* EXERCISE
From the first line to the last, retype the records exactly and skip the pictures.

* DATA FOR PROCESSING

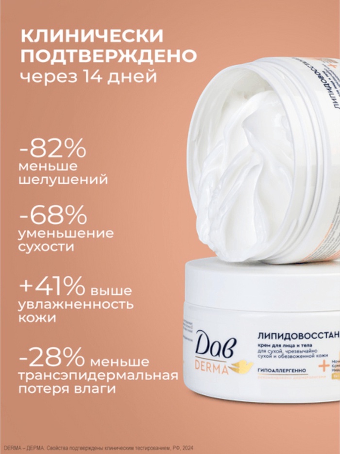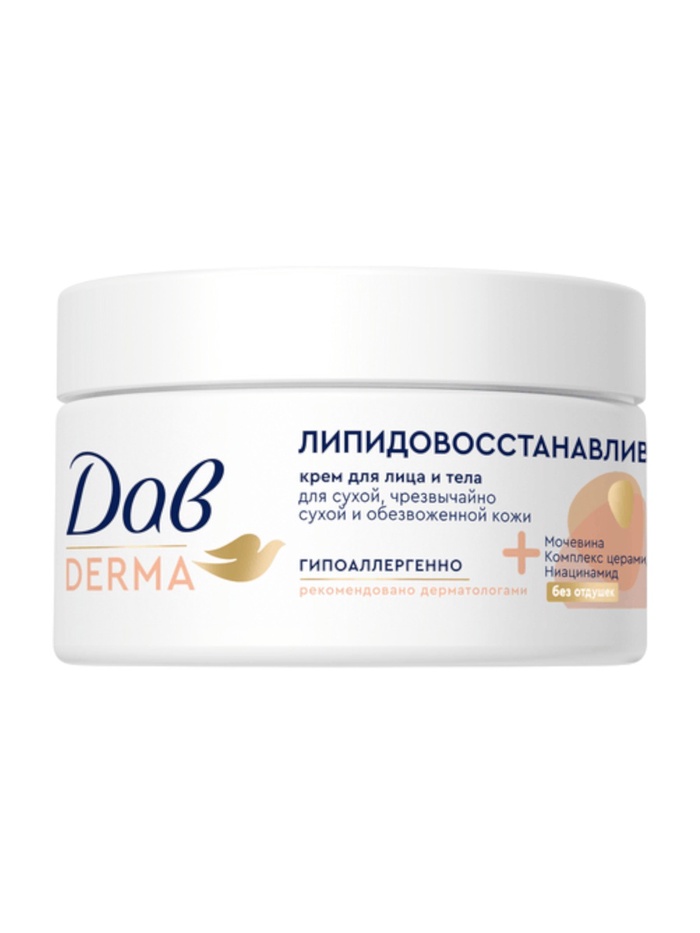 Увлажняющий крем для ухода за кожей лица и тела Дав Derma — это новинка для женщин, мужчин и девушек. Интенсивный крем для тела создан специально для сухой, обезвоженной и чрезвычайно сухой кожи, нуждающейся в интенсивном восстановлении.
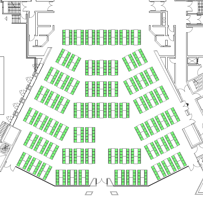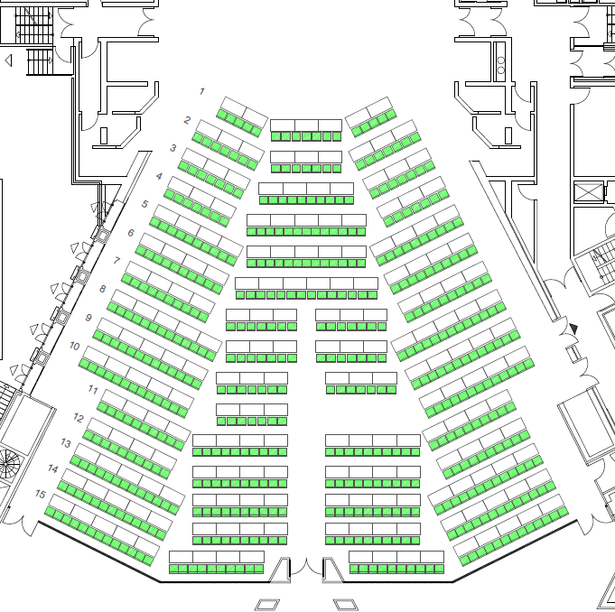 Die Reihenbestuhlung ist die Standard-Bestuhlungsvariante und ist in der Raummiete erhalten. Hier finden Sie die Raumpläne der Bestuhlungsvarianten zur Ansicht und zum Download als pdf.
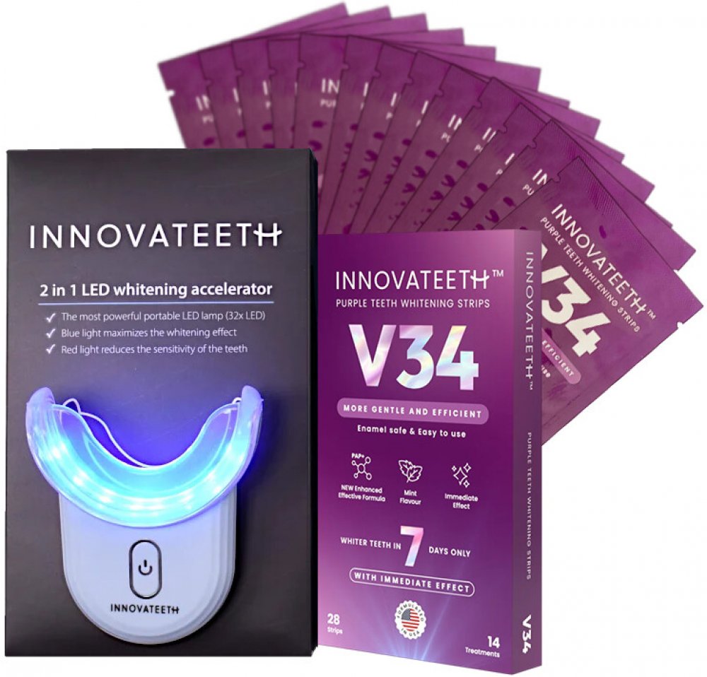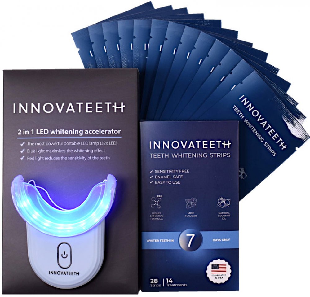 Unikátní balíček - kombinace 2 produktů od značky INNOVATEETH - Bělícího LED světla a 28 Bělících pásků!
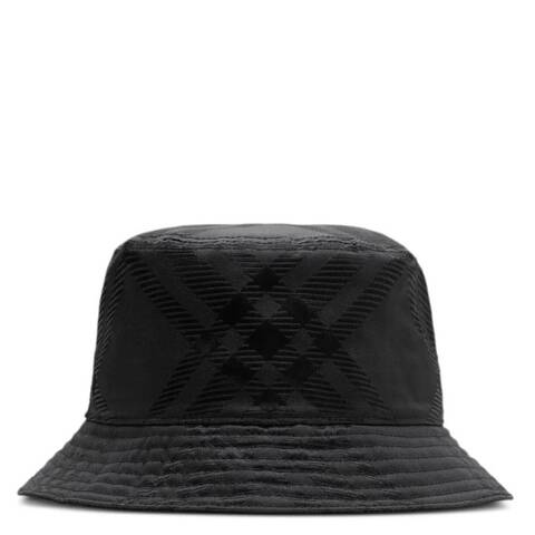 Burberry Mens Hats. Fashion category: Hats. SKU: 8095001. Color: Black. Burberry Tonal Bias Check Bucket Hat. A bucket hat featuring the House Check print, designed with a narrow brim and an easy slip-on style. 77% Polyamide, 23% Polyester. Made in Italy.
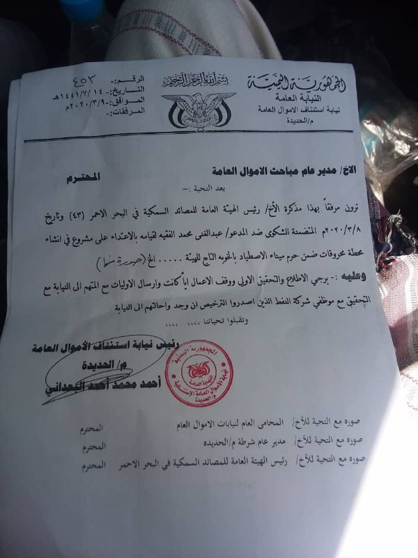 وفي مذكرة وجهتها شركة النفط اليمنية بفرع الحديدة الى مدير مديرية اللحية طالبتة بسرعة منع وايقاف بناء محطة بترولية بداخل مجمع مركز الخوبة والتي قام ببنائها المدعو/ عبدالغني محمد علي الفقية .. وجاء في المذكرة بأن المكان المصمم لإنشاء المحطة البترولية يقع على الساحل وهو يقع ضمن حرم الشاطئ مما يستوجب ايقاف ومنع بناء المحطة .. مذكرة اخرى من نيابة إستئناف الأموال العامة بمحافظة الحديدة موجهة الى مدير عام مباحث الاموال العامة يخاطبة فيها بوقف الاعمال التي يقوم بها المدعو عبدالغني الفقية وارسال الاوليات مع المتهم بالبناء والاعتداء على مشروع انشاء محطة محروقات ضمن حرم ميناء الاصطياد بالخوبة التابع للهيئة الى النيابة مع التحقيق مع موظفي شركة النفط الذين اصدروا الترخيص ان وجد وإحالتهم الى النيابة ..
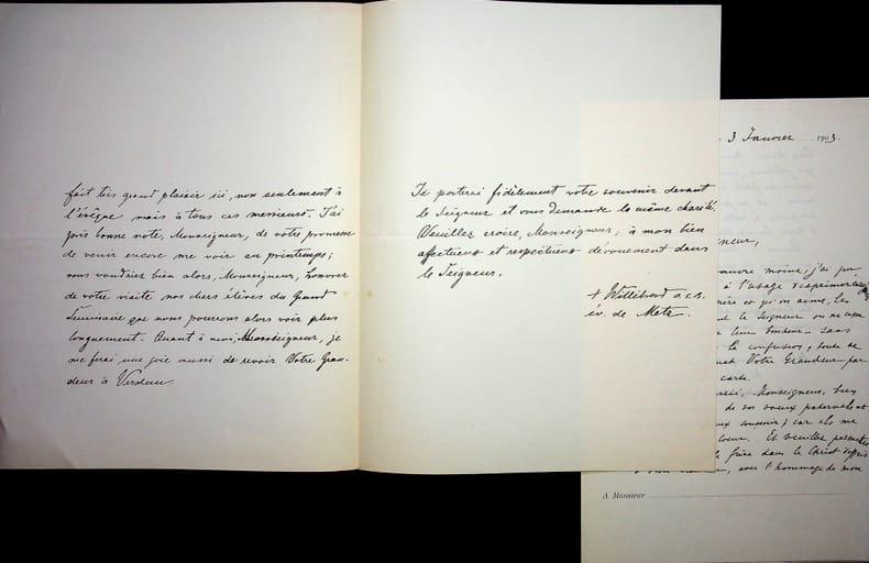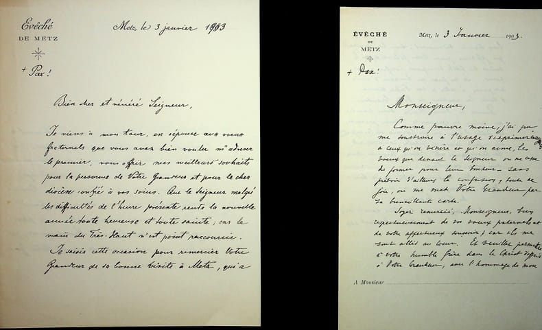 Willibrord Benzler (1853-1921), évêque de Metz, serviteur de Dieu. L.A.S., Metz, 3 janvier 1903, 3p in-4. A Louis-Ernest Dubois (1856-1929), alors évêque de Verdun. Belle lettre amicale de voeux et de remerciements pour la visite de Dubois à Metz. Il se fera une joie de le recevoir à nouveau. On joint une lettre de Dom Hilaire de Laet (1857-1937), bénédiction comme Benzler, qui l'avait suivi à Metz. Lettre de voeux. Laet était un bénédiction belge de l'abbaye de Maredsous qui fit partie des fondateurs de l'abbaye du Mont-César en 1888. [482]
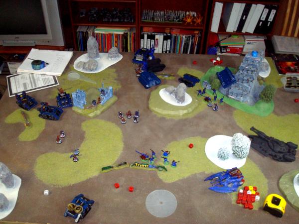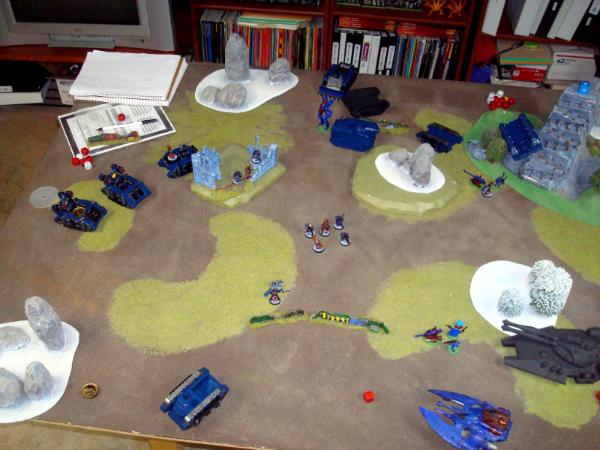 The scenario stipulates that at the end of turn 5 the game continues on a 3+. The roll is a 2, the game ends. ELDAR WIN
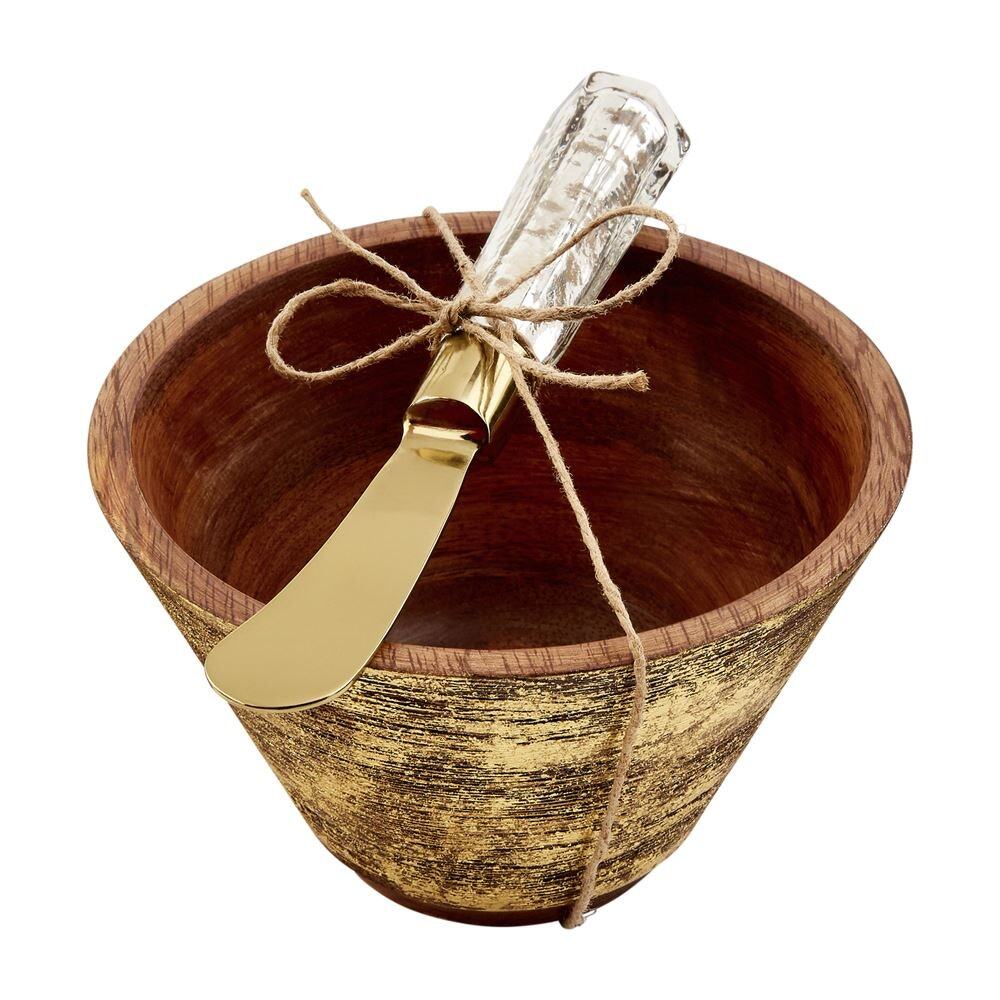 Say hello to your new favorite dip bowl, our gold wood dip bowl set. The two piece set comes with a foiled mango wood dip bowl. The dip bowl features a gold metallic distressed finish and unique markings. The dip bowl comes with a coordinating mercury glass spreader.
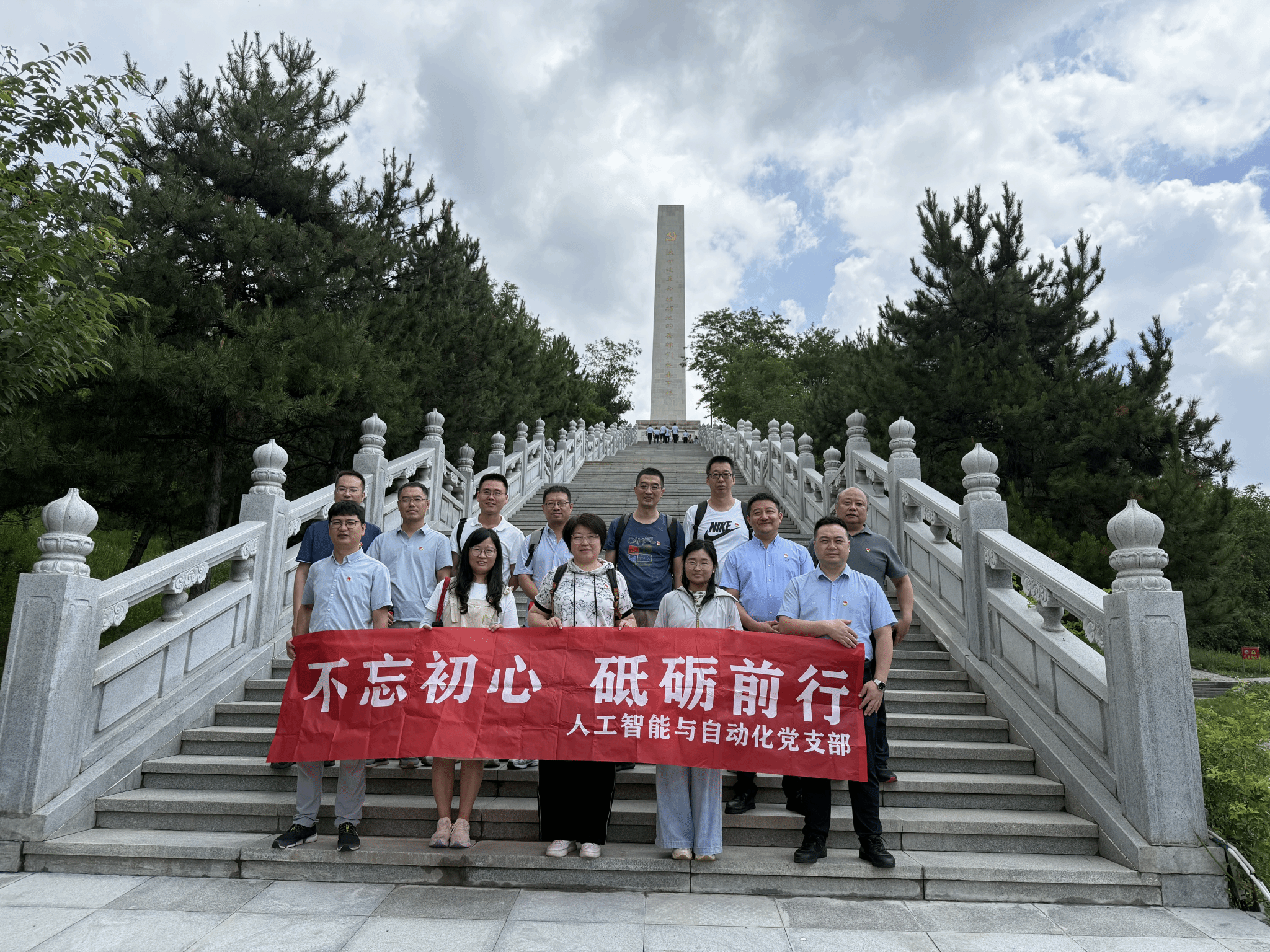参观结束后,人工智能与自动化系党支部书记何波,组织两个支部的教师党员齐聚陕甘边革命根据地英雄纪念碑下,共同回顾并深入学习了教育部长怀进鹏的重要讲话。何波介绍到,在酷爱成人网
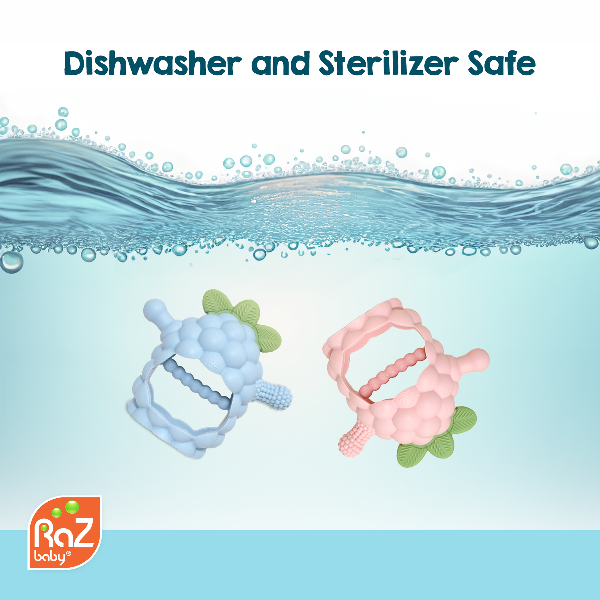 EASY TO CLEAN: Sterilize our RaZberry teething toys in boiling water for 5 minutes before first use, then rinse in between subsequent uses. Our teethers are durable and they make great baby shower gifts for a boy or girl! Comfort: We’ve designed our teethers with your baby’s comfort in mind. The silicone teether mitten is ergonomically comfortable for relief from sore gums and easy holding.
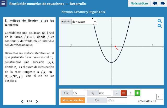 Objetivo: Resolver una ecuación $f(x)=0$ es determinar aquellos valores que verifican esa igualdad. La teoría de Galois muestra cómo las ecuaciones polinómicas -las que podemos considerar como las más sencillas al intervenir sólo sumas, restas y multiplicaciones- de grado mayor o igual que cinco no son resolubres por radicales, es decir, que no puede encontrarse una expresión algebráica que permita calcular sus raíces. Por tanto sólo sabemos cómo resolver unos pocos tipos de una infinidad de ecuaciones. Es necesario proceder a determinar soluciones aproximadas con una precisión deseada y para ello se utilizan metodos iterativos que a partir de un valor inicial se construye una sucesión de valores que converja a una solución. En esta unidad se busca aprender los siguientes métodos iterativos para la resolución de ecuaciones:

* YOUR RESPONSE
 Увлажняющий крем для ухода за кожей лица и тела Дав Derma — это новинка для женщин, мужчин и девушек. Интенсивный крем для тела создан специально для сухой, обезвоженной и чрезвычайно сухой кожи, нуждающейся в интенсивном восстановлении.
 Die Reihenbestuhlung ist die Standard-Bestuhlungsvariante und ist in der Raummiete erhalten. Hier finden Sie die Raumpläne der Bestuhlungsvarianten zur Ansicht und zum Download als pdf.
 Unikátní balíček - kombinace 2 produktů od značky INNOVATEETH - Bělícího LED světla a 28 Bělících pásků!
 Burberry Mens Hats. Fashion category: Hats. SKU: 8095001. Color: Black. Burberry Tonal Bias Check Bucket Hat. A bucket hat featuring the House Check print, designed with a narrow brim and an easy slip-on style. 77% Polyamide, 23% Polyester. Made in Italy.
 وفي مذكرة وجهتها شركة النفط اليمنية بفرع الحديدة الى مدير مديرية اللحية طالبتة بسرعة منع وايقاف بناء محطة بترولية بداخل مجمع مركز الخوبة والتي قام ببنائها المدعو/ عبدالغني محمد علي الفقية .. وجاء في المذكرة بأن المكان المصمم لإنشاء المحطة البترولية يقع على الساحل وهو يقع ضمن حرم الشاطئ مما يستوجب ايقاف ومنع بناء المحطة .. مذكرة اخرى من نيابة إستئناف الأموال العامة بمحافظة الحديدة موجهة الى مدير عام مباحث الاموال العامة يخاطبة فيها بوقف الاعمال التي يقوم بها المدعو عبدالغني الفقية وارسال الاوليات مع المتهم بالبناء والاعتداء على مشروع انشاء محطة محروقات ضمن حرم ميناء الاصطياد بالخوبة التابع للهيئة الى النيابة مع التحقيق مع موظفي شركة النفط الذين اصدروا الترخيص ان وجد وإحالتهم الى النيابة ..
 Willibrord Benzler (1853-1921), évêque de Metz, serviteur de Dieu. L.A.S., Metz, 3 janvier 1903, 3p in-4. A Louis-Ernest Dubois (1856-1929), alors évêque de Verdun. Belle lettre amicale de voeux et de remerciements pour la visite de Dubois à Metz. Il se fera une joie de le recevoir à nouveau. On joint une lettre de Dom Hilaire de Laet (1857-1937), bénédiction comme Benzler, qui l'avait suivi à Metz. Lettre de voeux. Laet était un bénédiction belge de l'abbaye de Maredsous qui fit partie des fondateurs de l'abbaye du Mont-César en 1888. [482]
 The scenario stipulates that at the end of turn 5 the game continues on a 3+. The roll is a 2, the game ends. ELDAR WIN
 Say hello to your new favorite dip bowl, our gold wood dip bowl set. The two piece set comes with a foiled mango wood dip bowl. The dip bowl features a gold metallic distressed finish and unique markings. The dip bowl comes with a coordinating mercury glass spreader.
参观结束后,人工智能与自动化系党支部书记何波,组织两个支部的教师党员齐聚陕甘边革命根据地英雄纪念碑下,共同回顾并深入学习了教育部长怀进鹏的重要讲话。何波介绍到,在酷爱成人网
 EASY TO CLEAN: Sterilize our RaZberry teething toys in boiling water for 5 minutes before first use, then rinse in between subsequent uses. Our teethers are durable and they make great baby shower gifts for a boy or girl! Comfort: We’ve designed our teethers with your baby’s comfort in mind. The silicone teether mitten is ergonomically comfortable for relief from sore gums and easy holding.
 Objetivo: Resolver una ecuación $f(x)=0$ es determinar aquellos valores que verifican esa igualdad. La teoría de Galois muestra cómo las ecuaciones polinómicas -las que podemos considerar como las más sencillas al intervenir sólo sumas, restas y multiplicaciones- de grado mayor o igual que cinco no son resolubres por radicales, es decir, que no puede encontrarse una expresión algebráica que permita calcular sus raíces. Por tanto sólo sabemos cómo resolver unos pocos tipos de una infinidad de ecuaciones. Es necesario proceder a determinar soluciones aproximadas con una precisión deseada y para ello se utilizan metodos iterativos que a partir de un valor inicial se construye una sucesión de valores que converja a una solución. En esta unidad se busca aprender los siguientes métodos iterativos para la resolución de ecuaciones:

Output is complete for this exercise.